A samurai on horseback against a red backdrop
(Image credit: Sega)

It's hard to remember Creative Assembly wasn't always synonymous with the Total War series, and yet, once upon a time, they were so well-known for sports games that pivoting away was seen as a risk. That's part of the story told in a retrospective video about the making of Total War: Shogun put together to coincide with its 25th anniversary. It makes for a fascinating insight into how different things were for the studio at the end of the 20th century.

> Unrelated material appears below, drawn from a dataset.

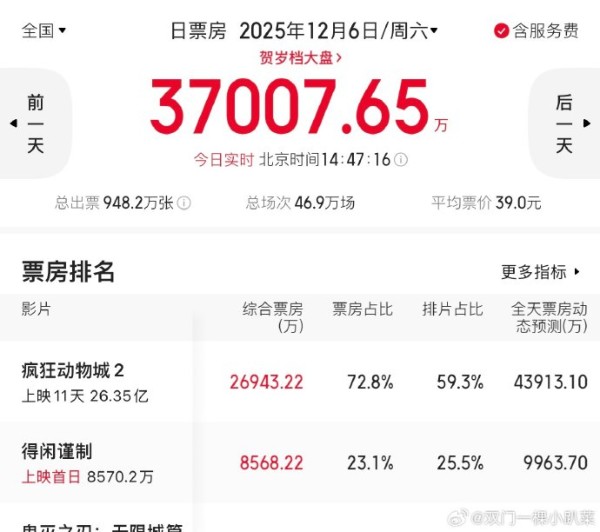 #得闲谨制票房倒挂#得闲谨制上映首日票房倒挂,上映前预测首日票房过亿,现在只有九千多万了,各项数据都在下滑。

"When I joined there were five people and they were working on sports games for Electronic Arts," says former executive producer Mike Simpson, who was hired in 1996. "I joined in order to start something new. The idea was I was going to head up a team producing an RPG, and we were going to base it on Monkey: Journey to the West. It was going to be done in a new studio we were going to set up in Singapore. None of that happened. Instead we ended up looking at making a quick and cheerful B-grade RTS because we'd seen so many other people doing it after Command & Conquer came out. We thought we'd make one of those games quickly to give us some funds that we could then use to make the RPG that we really wanted to make."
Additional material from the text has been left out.